SUPPLIED RECORDS below:

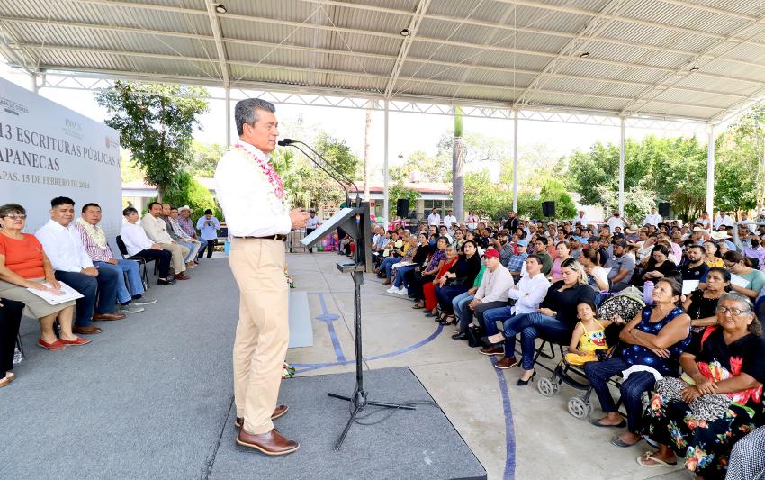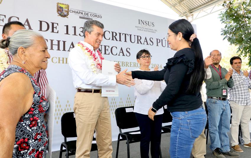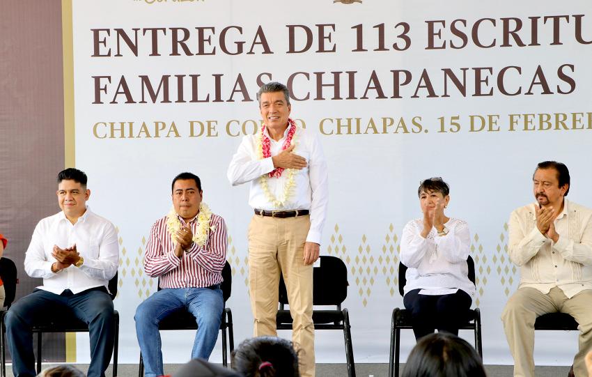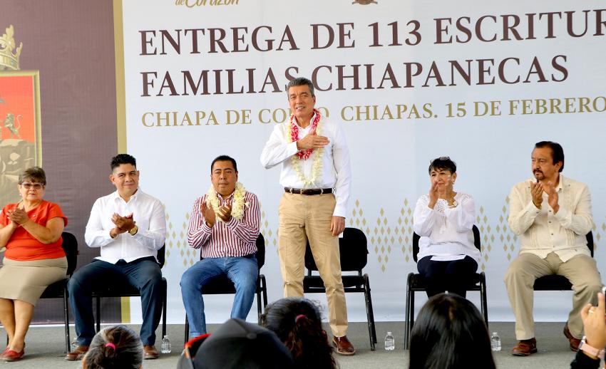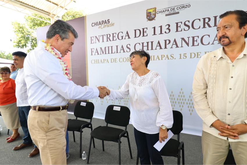Explicó que a la fecha se han otorgado 5 mil 427 escrituras públicas, lo que refleja el esfuerzo de este gobierno de mejorar las condiciones de vida y brindar certeza a las familias chiapanecas.
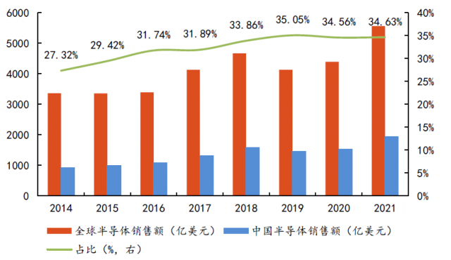 2014 -2021 全球、 中國(guó)半導(dǎo)體銷(xiāo)售額和占比
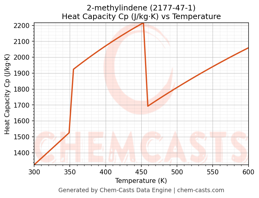 - Specific heat capacity (Cp) indicates the amount of energy required to raise the temperature of 2-methylindene and is critical for energy balance and heat-exchanger design.
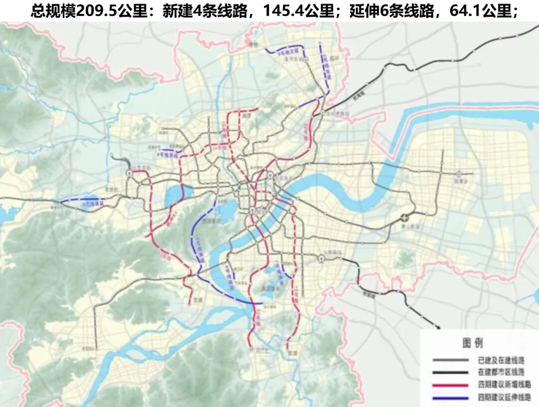 杭州地铁四期建设规划研究规模约 266.6 公里,共涉及 12 条线路,主要包含 5条新建线路和 7 条既有线路延伸线。
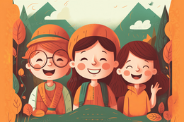 卡通风三个小朋友在一起做游戏插图
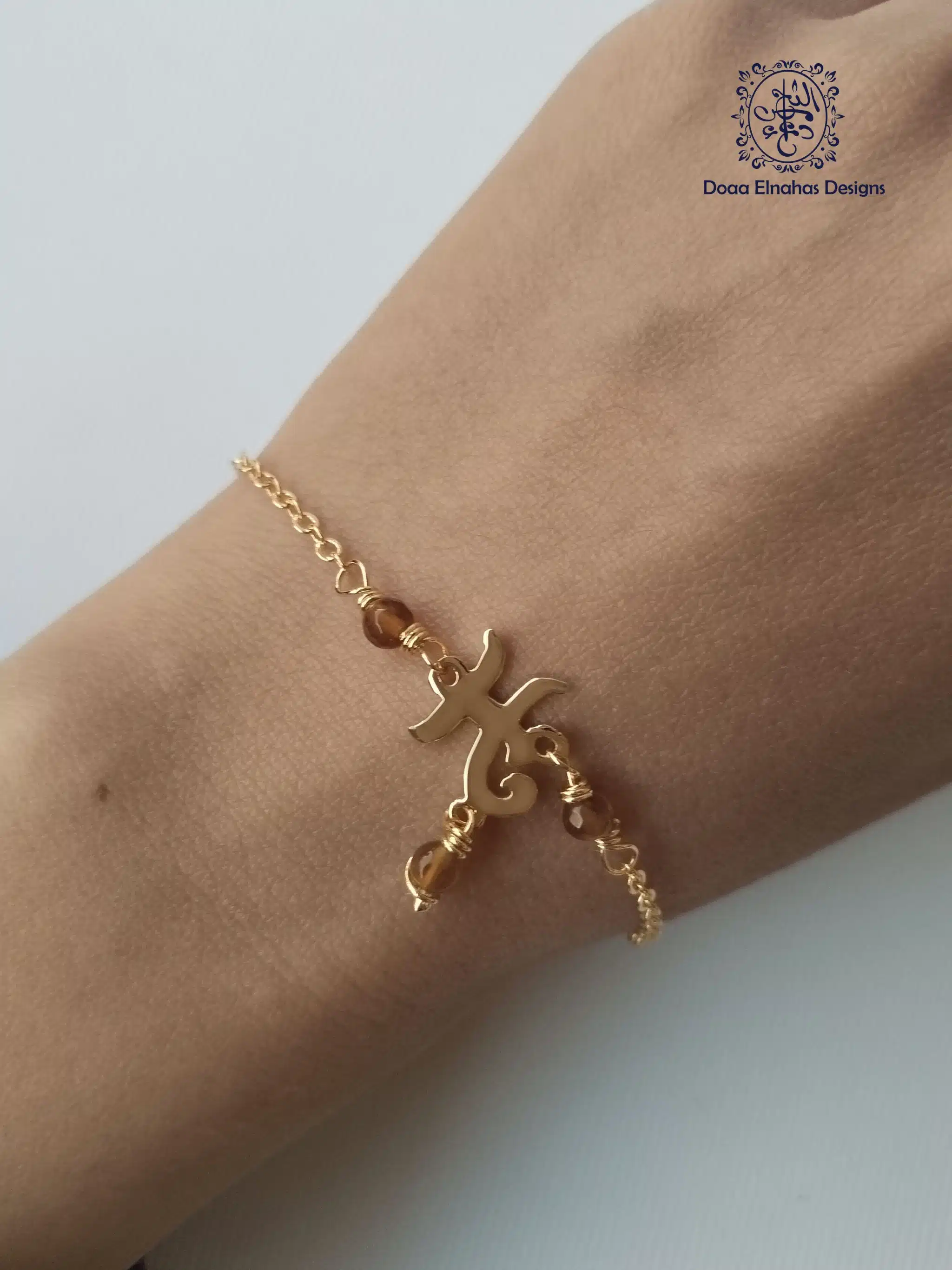 Gold-plated brass bracelet with agate stone + letter H
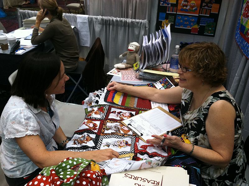 Anyway, we got to meet with many of our fabric vendors to preview the upcoming fall lines and order oodles of fabric! Here I am with one of my favorite sales people, Katie M. from Quilting Treasures.
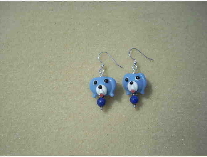 These earrings have hypoallergenic earrings wires. The blue dog bead is Lamp work and the blue bead below is Lapis. Lapis will help you quiet your mind and make good decisions.
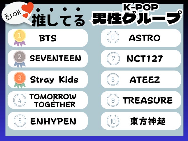 K-POP男性アイドルグループの推しメンに関するアンケート結果が発表されました。
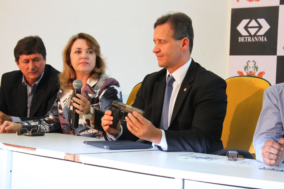 Em coletiva agora pouco, no auditório da Secretaria de Segurança Pública, o secretário Aluísio Mendes apresentou a pistola ponto 40 que foi usada para assassinar o jornalista Décio Sá, no dia 23 de abril, no bar Estrela no Mar, na Avenida Litorânea.

End of SUPPLIED RECORDS.

** WORK REQUIRED **
Taking the entries above, copy word for word the lines from the one with "Gold-plated brass bracelet" up to and including the one with "K-POP男性アイドルグルー", without any picture.

** EXERCISE ANSWER **
 Gold-plated brass bracelet with agate stone + letter H
 Anyway, we got to meet with many of our fabric vendors to preview the upcoming fall lines and order oodles of fabric! Here I am with one of my favorite sales people, Katie M. from Quilting Treasures.
 These earrings have hypoallergenic earrings wires. The blue dog bead is Lamp work and the blue bead below is Lapis. Lapis will help you quiet your mind and make good decisions.
 K-POP男性アイドルグループの推しメンに関するアンケート結果が発表されました。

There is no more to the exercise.